Uh, you have a partner that is not quite as tender as you might like. They're not, uh, as loving. You're staring at the night sky and you really wish they would say something high-flown and thoughtful, uh, but they s- they start singing a song that they heard yesterday or, or, or playing a tune or something like that, or they, you know, they make a joke, uh, and you think, "I, I just really somebody that's so deep and does, you know, is there." And then, you decide to switch for another partner and you're at a party and your previous partner would have been, you know, really involved in the conversation, that would have made you, given you something that you could have bonded over. But, uh, the new party with the new partner, this, this partner sort of needs your attention all of the time and, and it don't, they don't really allow you to connect. So, you have certain elements of discomfort traded for other elements of discomfort. One person is phenomenal to watch movies with because they don't interrupt and they just like to sit there and be calm, but the next person that you bring along is really interesting and engaging when you have conversations about stuff that fires you up.

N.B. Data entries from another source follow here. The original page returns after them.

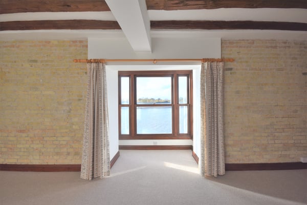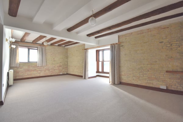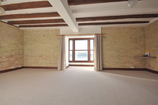 11' 8" x 22' 3" (3.56m x 6.78m) Double glazed window to side and double glazed bay window with beautiful views over the River Ouse, fitted carpet, two storage heaters, exposed brick, feature beams and open access to kitchen.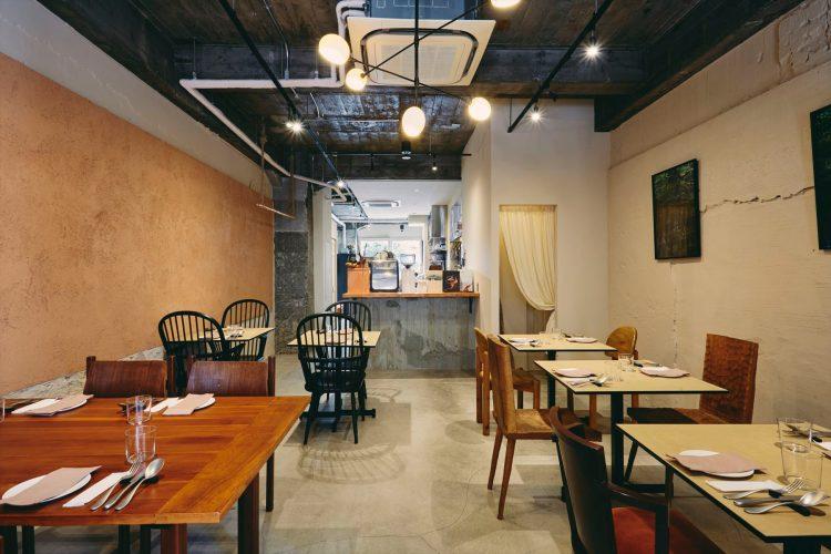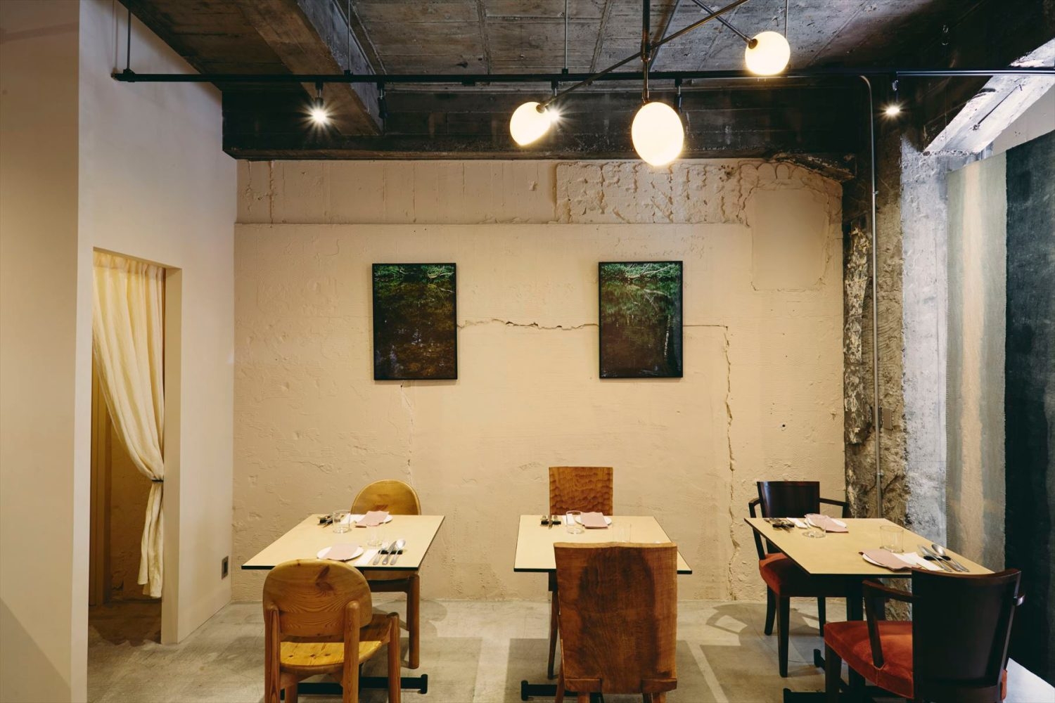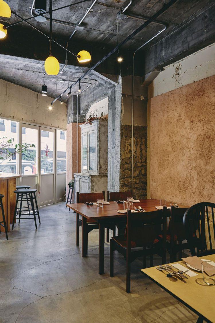 アンティークのキャビネット、アールのカウンター、オレンジの左官壁、躯体モルタルの白壁、小さなスペースに雰囲気のある背景が凝縮されています。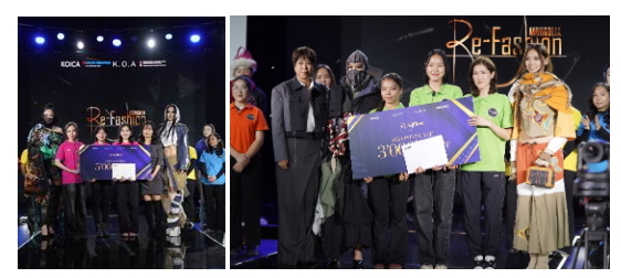 경연은 두 가지 주제로 진행됐다. 재단 후 남는 원단 조각을 최소화하고 남은 조각을 장식으로 재배치하는 제로 웨이스트 설계 방식의 ‘제로 웨이스트 인 캐주얼(Zero Waste in Casual)’과, 기존 의류 원단과 단추, 지퍼, 포켓 같은 부자재의 위치를 이동·재구성해 새로운 의상을 만드는 ‘베스트 디자인 오브 이매지네이션(Best Design of Imagination)’이라는 주제가 주어졌다. 참가 학생들은 코오롱FnC의 재고 의류와 몽골 내 빈티지 의류를 활용해 이틀 동안 주제별 1벌씩 총 2벌을 제작했다. 완성된 7개 팀의 업사이클 의상 14벌은 모델 착장과 함께 런웨이 방식으로 선보였으며 공개 심사로 평가됐다.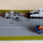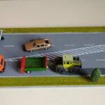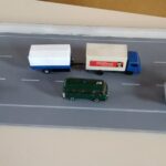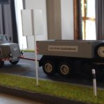 Ich tat das in der Form, dass ich mich mit dem Thema Ladungssicherung zunächst beschäftigt und dann eine Reihe von LKW-Modellen mit und ohne gesicherte Ladung in vier Kleindioramen ausgestellt habe.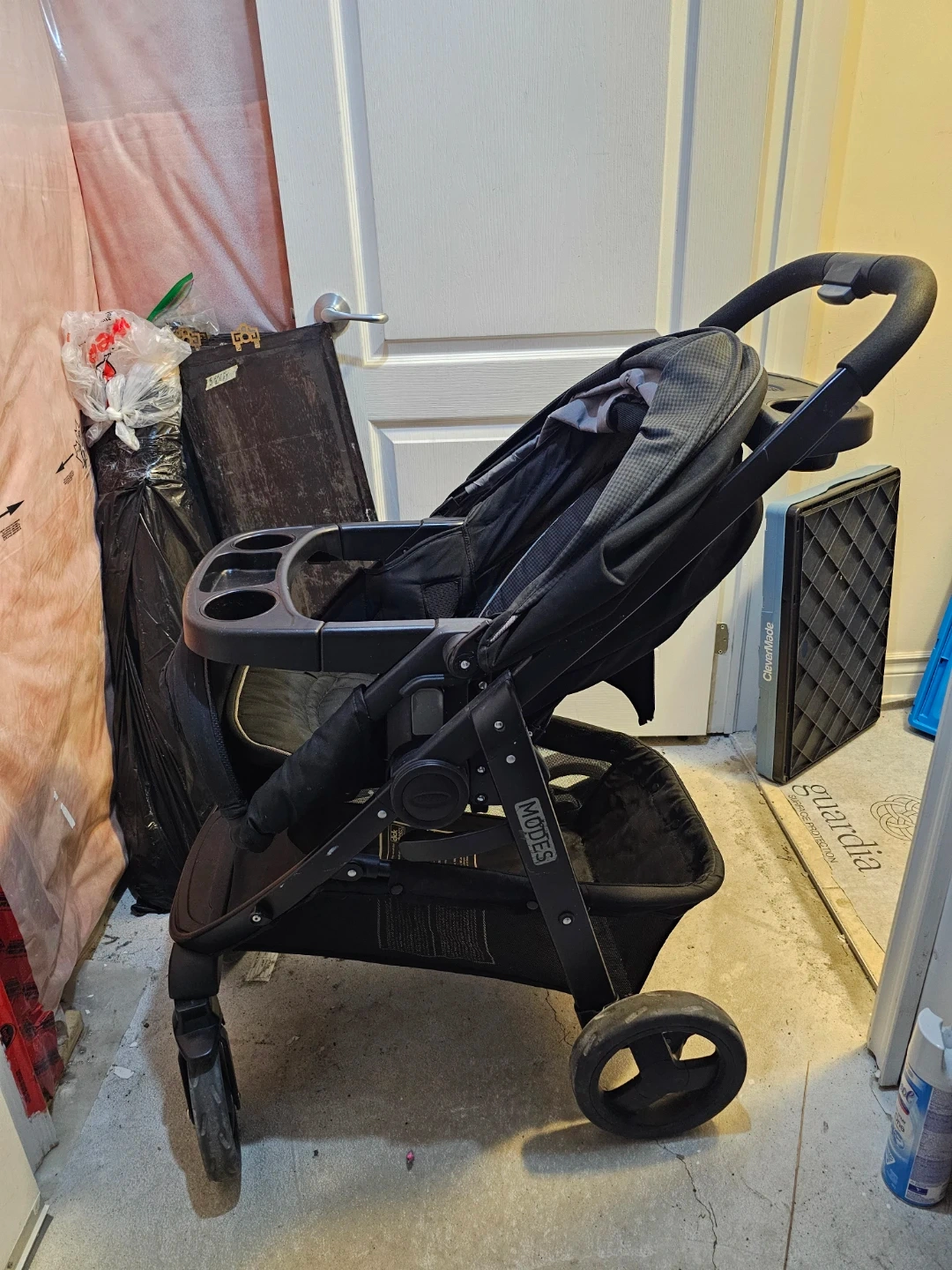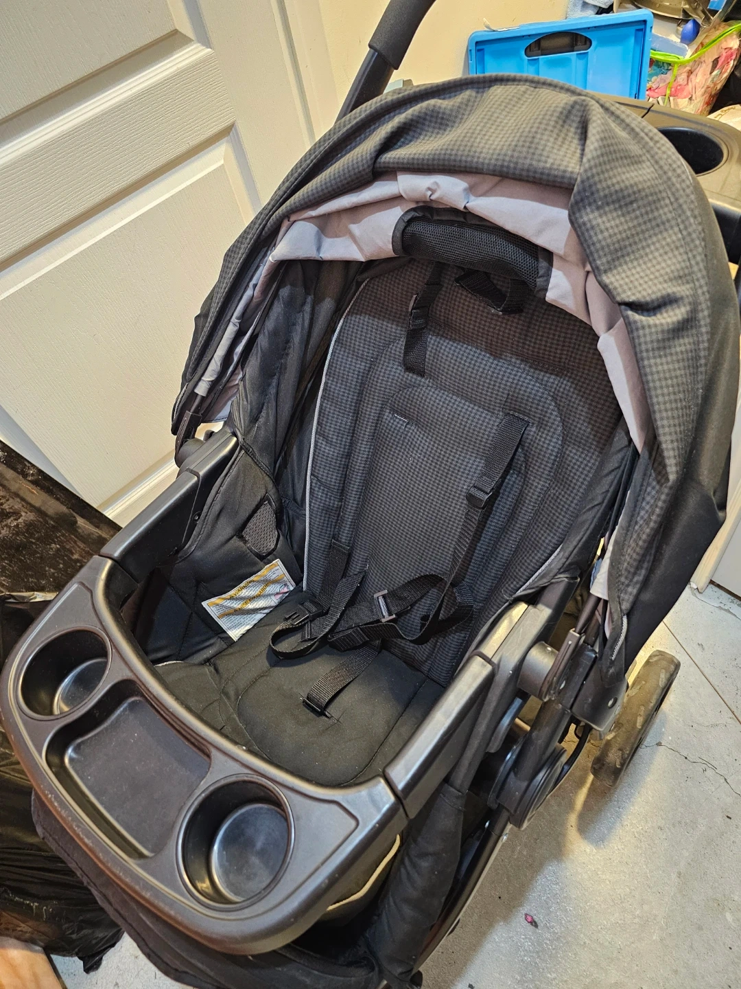 This black Graco stroller features a click connect system for easy infant car seat attachment. It has a large storage basket and a parent console with cup holders. The seat reclines for comfort. It's a handy stroller for daily outings!

And you end up making these trades. There is-

Dr. Shannon Curry

Exactly.

Chris Williamson

... there are no solutions, only trade-offs.

Dr. Shannon Curry

There are only trade-offs. And although I do believe, um, that Ty Tashiro, a psychologist and researcher, came up, or really identified, three key qualities that can make it easier. So, if a person has these three key qualities, really, this sets the groundwork for having an easier time managing the set of problems because there's so much good there to make up for it, and those things aren't necessarily what we tor- hope we usually shoot for. Um, they're more solid. And it makes sense. If you're trying to be with somebody for years and years, um, and you're gonna be living with them every day and all of their idiosyncraticities... Can you say that word for me?